SQL concepts for joins

Just as in SQL, a join in LookML is used to combine rows from two or more tables, based on a related column between them.

In LookML an Explore — as defined by the explore LookML parameter — is used to define how a user can query the data. An Explore consists of at least one view or a set of views joined together. The main view in the Explore is always included in the query. The joined views are normally only included if they are needed to satisfy the query.

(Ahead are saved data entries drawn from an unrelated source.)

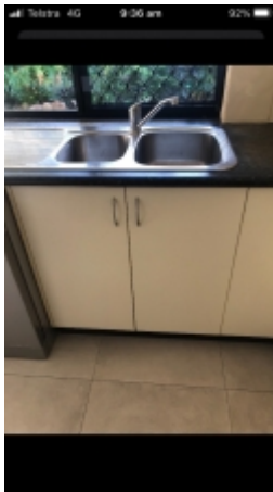
Undetected access obstructions.
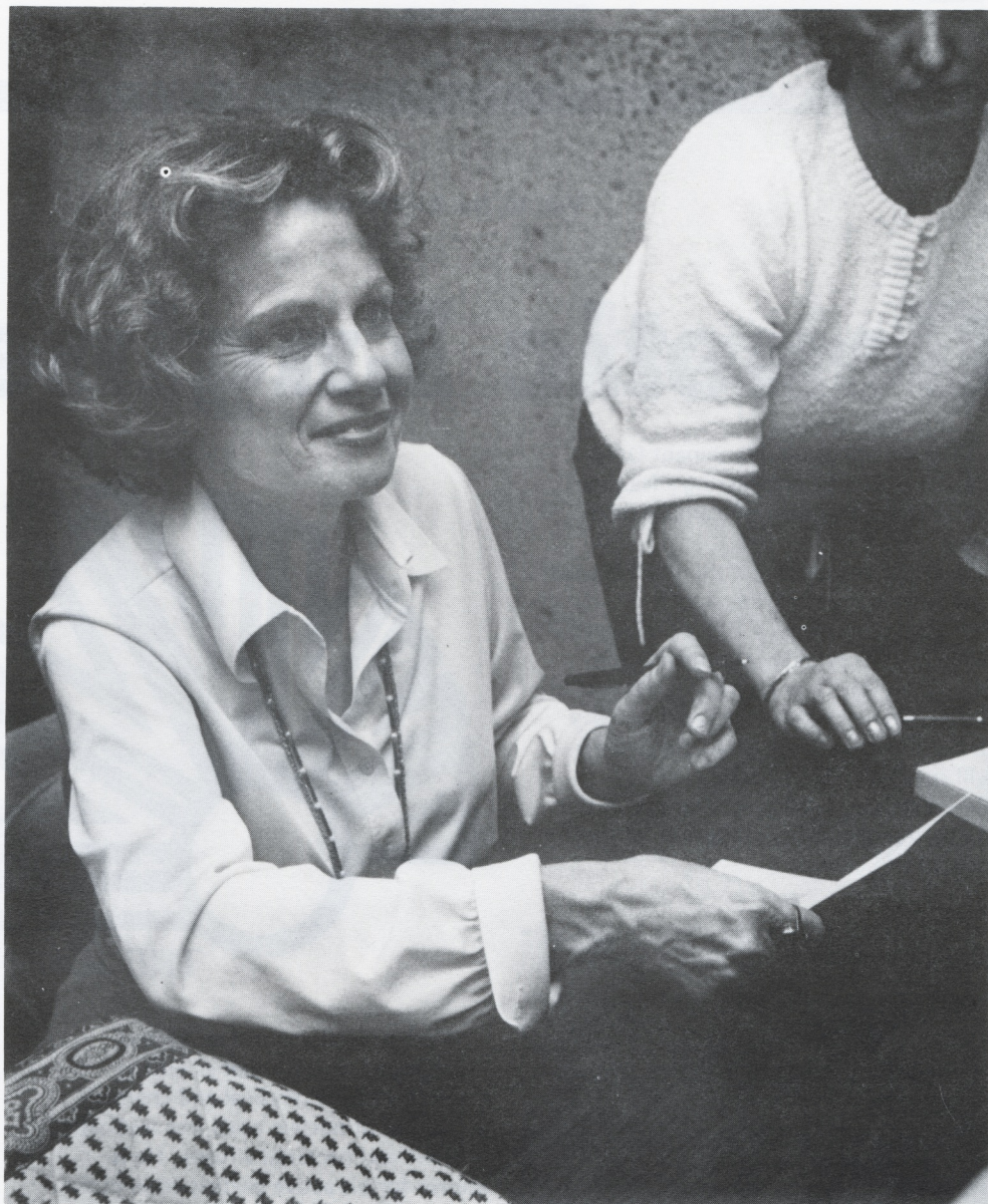
Shana Alexander of "60 Minutes" fame, autographs copies of her book, Talking Woman , in the lounge of the College/Alumni Union during her visit here to address Institute Forum on Oct. 25.
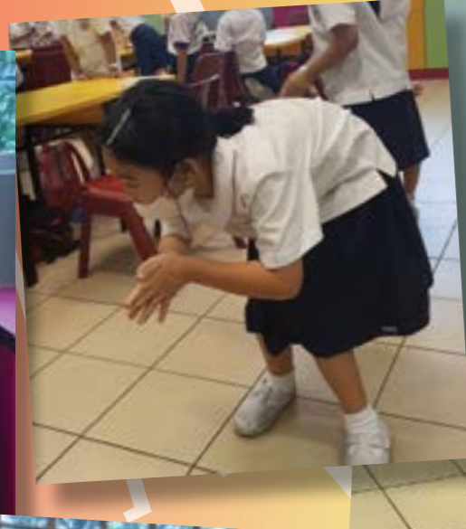
Ha! Getting ready for Choral Speaking lesson
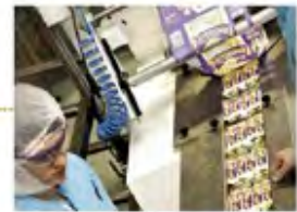
BEGA CHEESE MANUFACTURE 11-13 Lagoon Street Bega NSW 2550 Australia
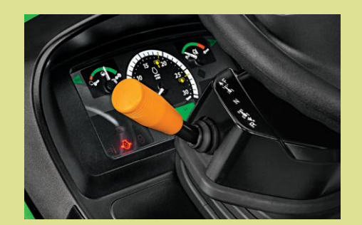
The PowrReverser™ Transmission option. This 12F/12R gear drive transmission features a reverser lever located by the left side of the steering wheel for direction changes with a foot throttle to free hands for loader work, steering and direction changes.
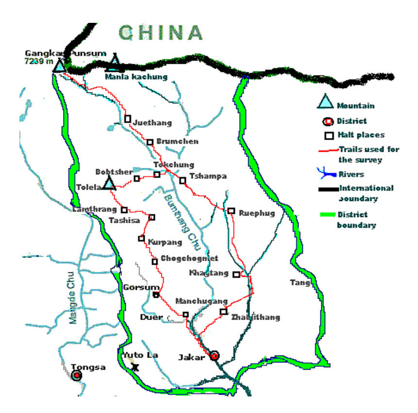
Fig 1: Survey area showing the trails and the halt places used during the survey
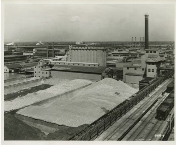
fig. 7 Charles Sheeler, Ford Rouge Cement Plant , 1945, photograph, Collections of The Henry Ford, copy and restrictions apply
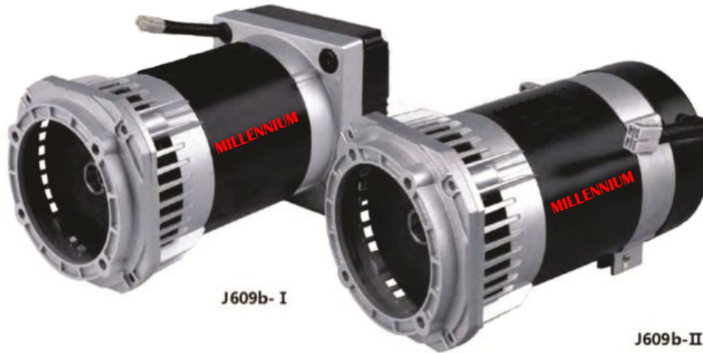
J609b - I
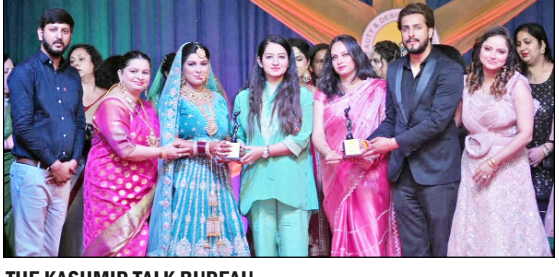
THE KASHMIR TALK BUREAU UDHAMPUR:

NISD Beauty & Designing Institute Udhampur hosts first BRIDAL Fashion Show
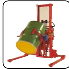
Available with side-tilting forks and/or optional extras, e.g. drum turner, remote control, level control, crane arm.
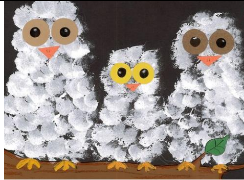
Another nice way to make your owls.
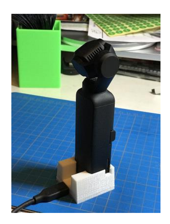
Figure 3: Example of using the USB3.1-CMV-CF-V1A to build a USB3.1 Type C charger dock with 3D printed case.

A LookML view corresponds to a SQL table (or another element that has the structure of a table) in the database, or to a derived table. The view defines what fields or columns are available in the database, and how they should be accessed.

The following example is a definition for the orders Explore.

explore: orders {
  join: users {
    type: left_outer
    sql_on: ${orders.user_id} = ${users.id} ;;
    relationship: many_to_one
  }
}

The orders view, which is the main view in the Explore, is being joined to the users view with a SQL LEFT OUTER JOIN, as indicated by the type: left_outer LookML parameter. The SQL ON clause, which is defined by the sql_on LookML parameter, does not use table_alias.column but instead refers to ${view_name.field_name}. This is so that if the table name or the column name changes in the database, that change only has to be made in one place.

The relationship parameter is important. Joins can cause fanout problems where rows are duplicated. By specifying that many orders will join to only one user, Looker recognizes that fanouts won't occur from this join, so special handling is not needed. However, one_to_many relationships can trigger a fanout.

The automatic generation of views and Explores defaults to a left outer join. In the previous example, however, it is very likely that every order will have exactly one user, so the join in this example can be an inner join.

To view the generated SQL of an Explore, you can run the Explore in the UI and then select the SQL tab in the Data panel.

For example, if you open the Orders Explore, which was defined previously, and then select the User ID and Count fields, the generated SQL will look like the following:

SELECT
    `user_id` AS `orders.user_id`,
    COUNT(*) AS `orders.count`
FROM
    `thelook`.`orders` AS `orders`
GROUP BY
    1
ORDER BY
    2 DESC
LIMIT 500

In this example, the users table is not referenced at all. It is only brought in if it is needed.

If you remove the User ID dimension and add in the ID dimension from the Users view, the SQL will look like the following:

SELECT
    `users`.`id` AS `users.id`,
    COUNT(*) AS `orders.count`
FROM
    `thelook`.`orders` AS `orders`
    INNER JOIN `thelook`.`users` AS `users` ON `orders`.`user_id` = `users`.`id`
GROUP BY
    1
ORDER BY
    2 DESC
LIMIT 500

In this case, since there is a selection from the Users view, the join is included.

The following example shows LookML in the orders Explore file, which was defined previously, and adds a join to the order_items view:

explore: orders {
  join: users {
    type: inner
    sql_on: ${orders.user_id} = ${users.id} ;;
    relationship: many_to_one
  }
  join: order_items {
    type: inner
    sql_on: ${orders.id} = ${order_items.order_id} ;;
    relationship: one_to_many
  }
}

Now if you open the Orders Explore in the UI, you will see the Order Items view. If you select the Total Sale Price measure from the Order Items view along with the Count from Orders and ID from Users, Looker generates the following SQL:

SELECT
    `users`.`id` AS `users.id`,
    COUNT(DISTINCT orders.id ) AS `orders.count`,
    COALESCE(SUM(`order_items`.`sale_price`), 0) AS `order_items.total_sale_price`
FROM
    `thelook`.`orders` AS `orders`
    INNER JOIN `thelook`.`users` AS `users` ON `orders`.`user_id` = `users`.`id`
    INNER JOIN `thelook`.`order_items` AS `order_items` ON `orders`.`id` = `order_items`.`order_id`
GROUP BY
    1
ORDER BY
    2 DESC
LIMIT 500

In this example, COUNT(*) AS orders.count became COUNT(DISTINCT orders.id ) AS orders.count. Looker detected that there was a possible fanout situation and automatically added the SQL DISTINCT keyword to the SQL COUNT function.